Conseiller spécial de François Hollande pour la planète, Nicolas Hulot s’est dépensé sans compter pour la COP21. Un rôle taillé sur mesure pour ce funambule des médias et de la politique, sincèrement ulcéré par l’indifférence face au naufrage de la planète

Vivre et parler, car il ne sait rien faire d’autre et qu’il n’est pas homme à laisser le bateau s’enfoncer. A ceux qui l’interrogent, dans son bureau de l’Hôtel Marigny face à l’Elysée, sur son engagement écologique, Nicolas Hulot a pris l’habitude de reparler du «Titanic».

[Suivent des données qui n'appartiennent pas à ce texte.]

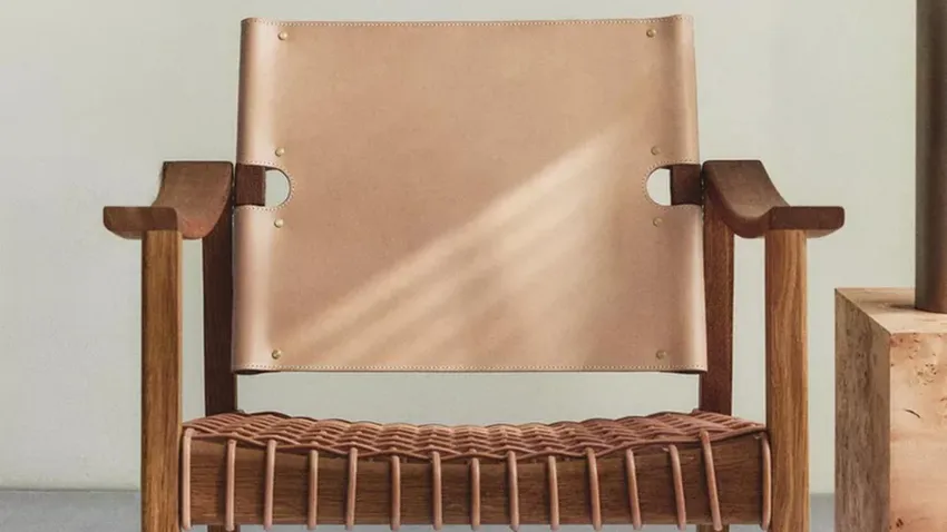 Su estructura está fabricada en madera de roble ahumado, con un asiento de piel de vaqueta trenzada y un respaldo ligeramente reclinado, que promete ser tan elegante como cómodo.
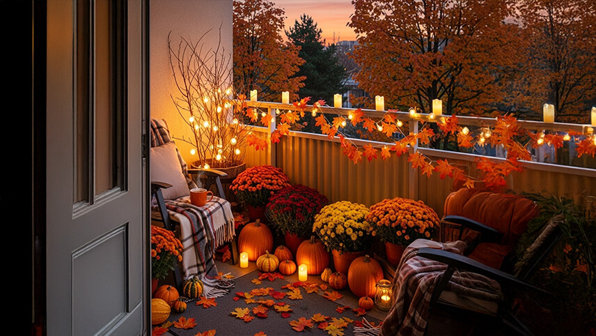 With a battery-powered string of lights, a simple window becomes a cozy eye-catcher that creates an autumnal atmosphere not only from the inside but also from the outside. And with a few light accents, the balcony also becomes an atmospheric retreat for mild autumn evenings.

En 2004, alors au faîte de sa popularité médiatique, l’animateur-producteur d’«Ushuaïa», signe son premier acte politique avec un livre «Le Syndrome du Titanic», plaidoyer contre le naufrage programmé d’une planète asphyxiée. Une trajectoire se dessine pour celui qui, à l’écran, a renouvelé le genre de l’aventurier intrépide sponsorisé, malgré tout empreint d’humanité. L’ancien photographe se rêve alors capitaine d’un navire sur lequel pourraient embarquer tous les ténors mondiaux de la croisade contre le réchauffement climatique. En France, son Pacte écologique, signé en 2007 par tous les candidats à la présidentielle, va dans ce sens. Mais l’iceberg de la conférence de Copenhague, la COP15 de funeste mémoire organisée en décembre 2009, s’avère impossible à éviter. Crash. Blocage des Etats-Unis et de la Chine. Défaite diplomatique. Camouflet pour l’hyperprésident Nicolas Sarkozy qui le cajole, et son ministre de l’Environnement, l’ami Jean-Louis Borloo. «J’ai compris à ce moment-là que l’opinion n’était pas mûre et qu’il fallait la travailler au corps», explique-t-il, en marge d’un des nombreux briefings élyséens auxquels il participe, comme conseiller spécial de François Hollande pour la protection de la planète.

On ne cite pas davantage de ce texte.